= Coalition for Global Prosperity =

London-based not-for-profit campaign group

The Coalition for Global Prosperity is a London-based not-for-profit campaign group that brings together community, political, military, and faith leaders in support of Great Britain and Northern Ireland's role in international aid and development.

==Origin and focus==
The Coalition for Global Prosperity (CGP) was founded by Conservative MP Theo Clarke in 2017. The group promotes the image of Britain as still having a significant leading role to play in international aid and development with the motto “Britain as a force for good” in the world.
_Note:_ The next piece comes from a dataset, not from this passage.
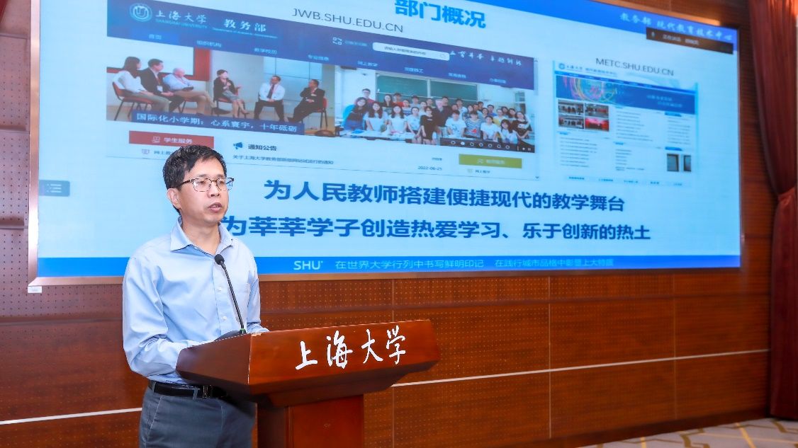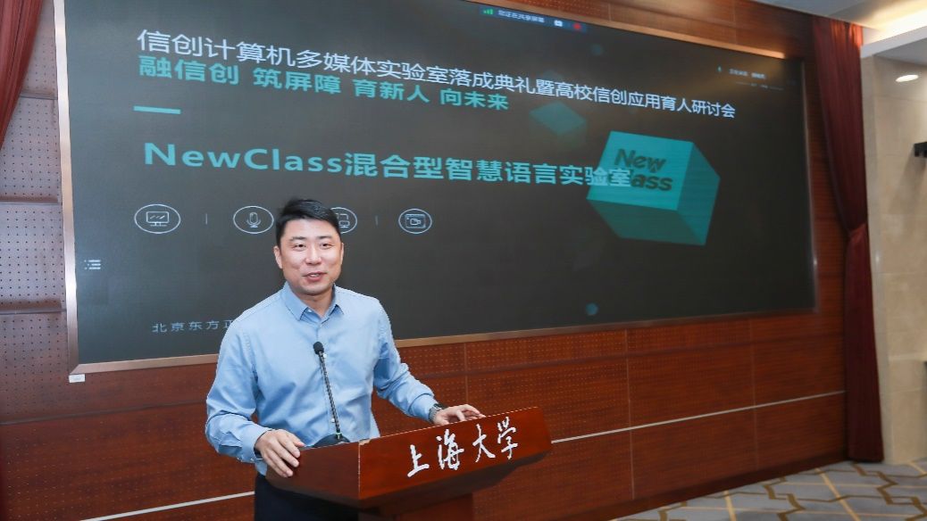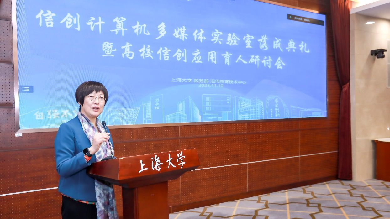 11月10日,上海大学教务部现代教育技术中心(简称现教中心)举办“信创计算机多媒体实验室落成典礼暨高校信创应用育人研讨会”。上海市教委代表、上海大学相关部处领导、信创相关企业代表及上海兄弟高校相关领导出席会议。

The group calls for “a strong aid budget and an active diplomatic and defence strategy.” When the 2019 United Nations’ Sustainable Development Goals Progress Report revealed that no country was on track to achieve the Global Goals by 2030, the all-party parliamentary group for UN Global Goals met with the CGP and other agencies in Westminster, to identify ways that business and government might step up the efforts to deliver on the Global Goals in the Decade of Action.

==Supporters==
A wide range of prominent individuals pledge their support for the Coalition, such as Bill Gates and Gordon Brown as well as former Prime Minister Theresa May, former Chief Rabbi (Baron) Jonathan Sacks and comedian Lenny Henry, all of whom appear on the CGP website.

The Coalition's Advisory Council includes Nosheena Mobarik, Aliona Hlivco, Lieutenant Colonel Dean Canham OBE, Canon Sarah Snyder, and Professor Sir Myles Wickstead, among others.